Wednesday, June 15, 2016

Reality Television

BrainDead 
In BrainDead—a satirical B-movie of a TV show from Robert and Michelle King, the creators of The Good Wife—space bugs (the show’s term) are taking over politicians’ minds. “Taking over” is perhaps too polite. These little critters, who arrived on Earth in the meteor that exploded over Russia in 2013 and are related to the indigenous (to Earth) screw-worm, crawl into their victims’ ears. Soon thereafter, the person’s head either explodes like a water balloon full of spaghetti sauce or their brain comes scooting out the other ear, glistening and intact, as easily as a drop of pesky swimming pool water.
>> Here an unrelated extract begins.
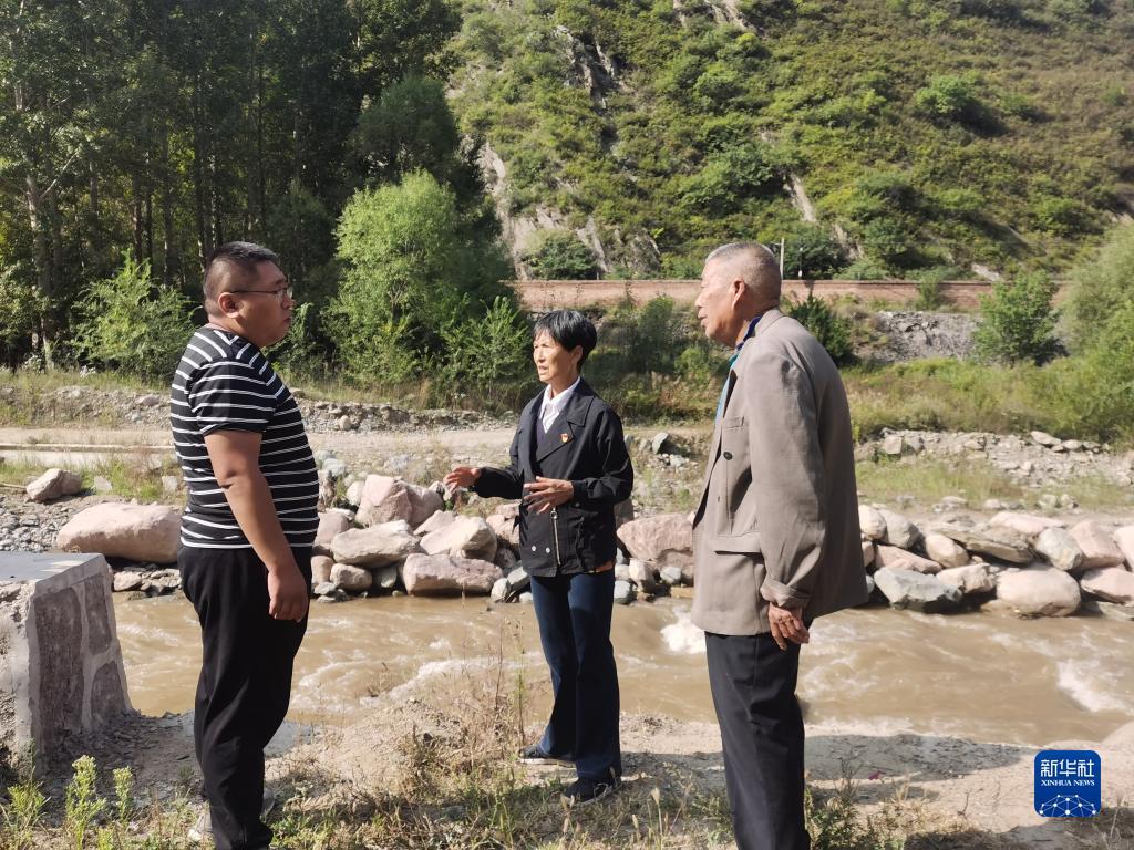 刘桂珍(中)与代县水利局工作人员商量解决供水管道问题(2022年9月15日摄)。新华社记者 梁晓飞 摄

In the latter case, the bugs perform a personality overhaul. The possessed come to hate alcohol, love wheatgrass smoothies and the Cars “You Might Think,” and turn into inflexible political extremists.
BrainDead’s premise is a dark joke. “In 2016,” the show begins, “there was a growing sense that people were losing their minds and no one knew why, until now.” The only way to explain what’s going on in Washington, D.C., is idiotic alien possession in which our elected officials haven’t just metaphorically lost their minds, they have really lost their minds: Like, someone could find said minds and turn them in to Capitol security. The space bugs eat brains, but the infected act more like they have been body-snatched than like they’ve been zombified. They don’t lurch but become uptight and narrow-minded, stuck on their talking points, implacable in their dopey, damaging, dronelike opinions, insensible to compromise.
Thisclose.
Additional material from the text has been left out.